Control the hues of the colored sky.

Control nothing. 

Mind our business.

Mind ourselves.

Mind our words.

Our minds simple,

Like paper kites.

Our words a glimpse of the future lost.

Present revived.

Cotton clouds. I say hello to now:

The cotton clouds shape into dreams.

Shape into you. 

Into us. 

A lot of people will put you under the microscope, analyze, and dissect you into pieces. Don’t fall prey to being a guinea pig; make your own experiments.

10 x your charm 

Your light

100 x your hope 

Your presence 

1000 x your true you 

The light shines in your universe 

Maybe you know of love at first sight but you don’t know of love at last sight. The love that begins at day last and ends at day one. It’s always day one in love. This is not a love you’ve seen. This is a love that despite the highs and lows always begins at day one, like it’s always day one on earth, making love Alzheimer’s impossible. How can you forget love if it’s the one that every minute starts…at first sight. 

What makes love cold with time is life. Life comes in the way and makes us fall out love, but love is everywhere. It’s omnipresent. But it’s also not there. We remember it in our heart break and in the songs and memories and rain. We remember it as bitter sweet but not as chocolate and peanut butter. We remember it through the radio and our own voice but never as imminent: until we realize that it’s infinite not finite. That it never started to even finish, it’s always been there but we didn’t see it. 

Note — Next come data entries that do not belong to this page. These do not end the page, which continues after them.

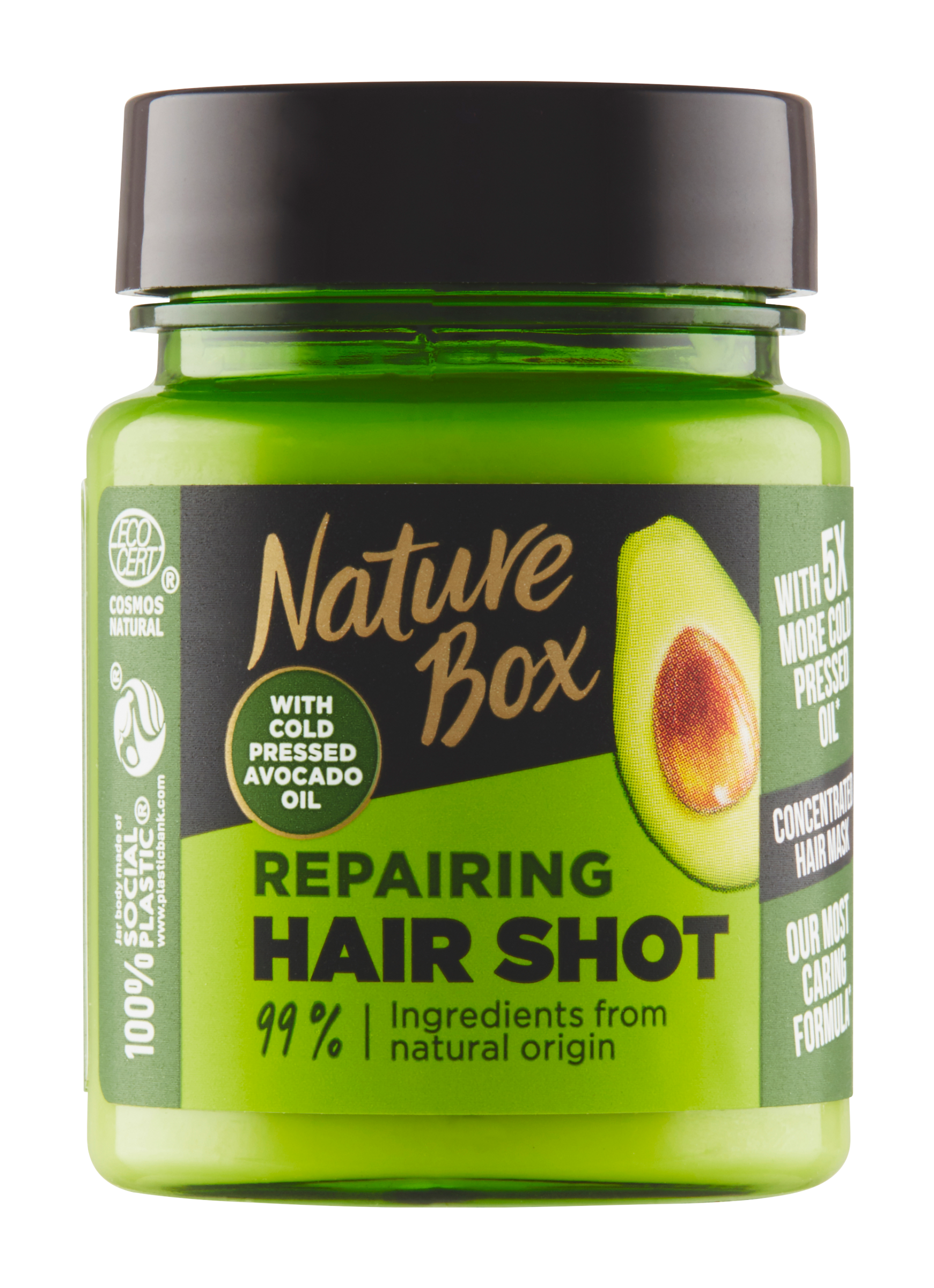 Nature Box intenzivní regenerační kúra na vlasy. Za studena lisovaným avokádovým olejem. 5-krát víc za studena lisovaného oleje v porovnání s Nature Box klasickými kúrami na vlasy.
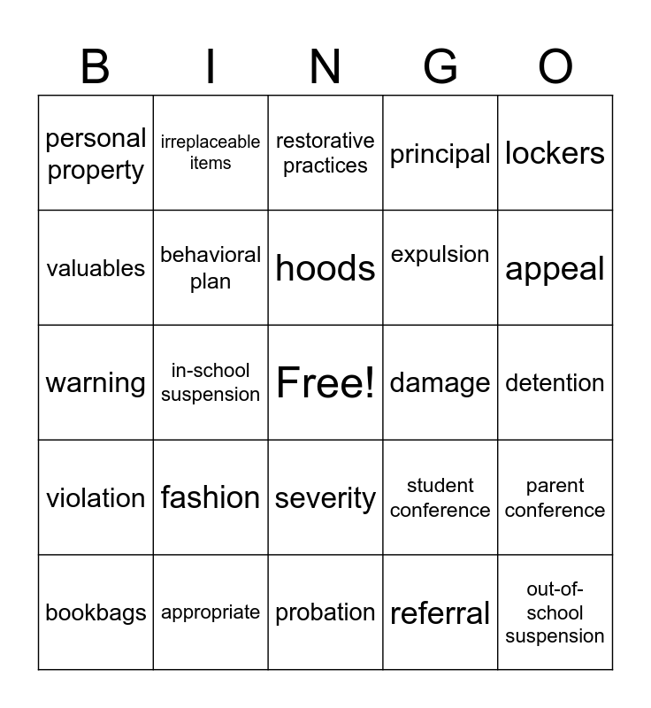 This bingo card has a free space and 24 words: fashion, appropriate, hoods, bookbags, lockers, personal property, valuables, irreplaceable items, damage, severity, expulsion, warning, student conference, parent conference, behavioral plan, referral, detention, restorative practices, appeal, in-school suspension, out-of-school suspension, violation, principal and probation.
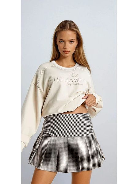 – wysokość pasa: regular waist- zapięcie: boczny suwak- dolny brzeg: z falbankami- krój: rozkloszowany- wzór: kratka
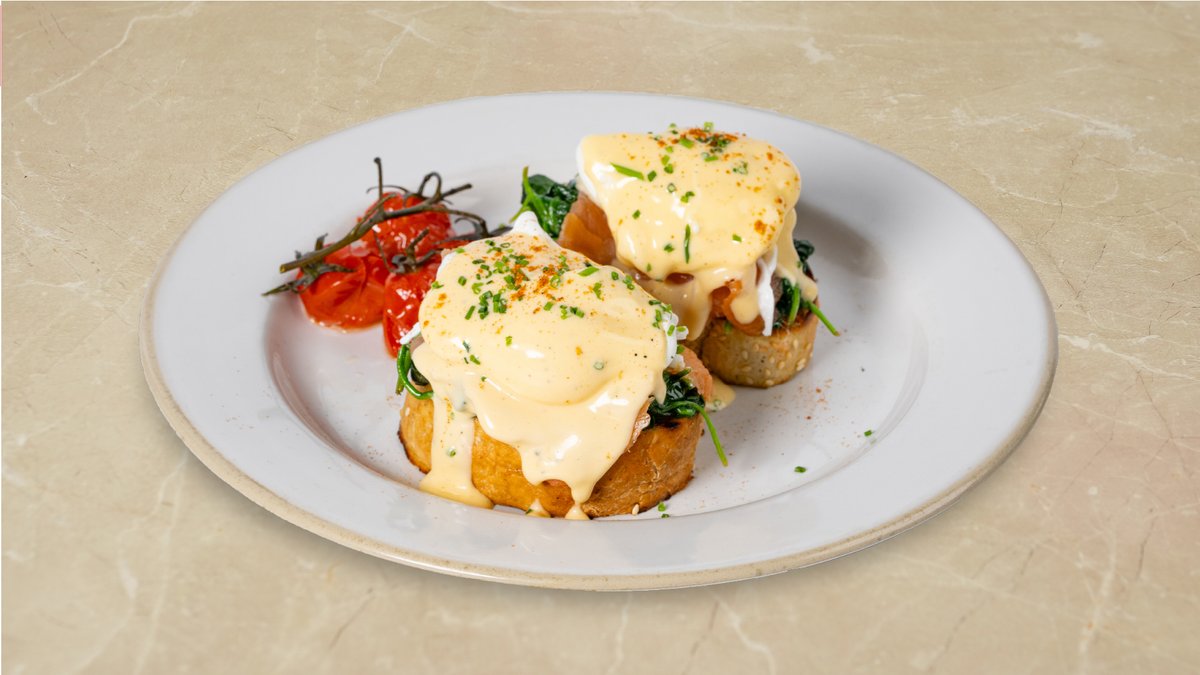 Smoked salmon, poached eggs, wilted spinach, hollandaise sauce, toasted Cypriot koulouri, slow-roasted tomatoes

This is my love words to her. Where-ever she might be. I just wish that one day she would read them. Because it’s always been day one with her. She was Mother Earth and everything, the love I’ve always had, the one I never had.  Love, this is for you. 

Her name was silhouette like sunset. On the day we met, she was swinging her white dress flying and her golden hairs touching the sky. I wished I could say it was love at first sight, life at first sight? She didn’t see me but I saw her in me like the magic hour. Who is ever to be believe that we go on a rollercoaster together and travel the world. Who’d ever imagine that our hearts will remain on fire forever even after we’d part ways? 

How can you trust an intellectual who is immoral? Satan was smart, but his egoism led him to refuse to coexist with another creature. “You made him from clay, and I am made of fire,” he said, claiming to be superior. To commit evil is an act of intelligence, but it's also an act of moral stupidity. Viewing others as inferior based on any criteria is a grave mistake. How can you have faith in a snobbish intellectual who might rule the world but refuses to consider moral compromise? I'd rather be a moral fool than a cunning devil.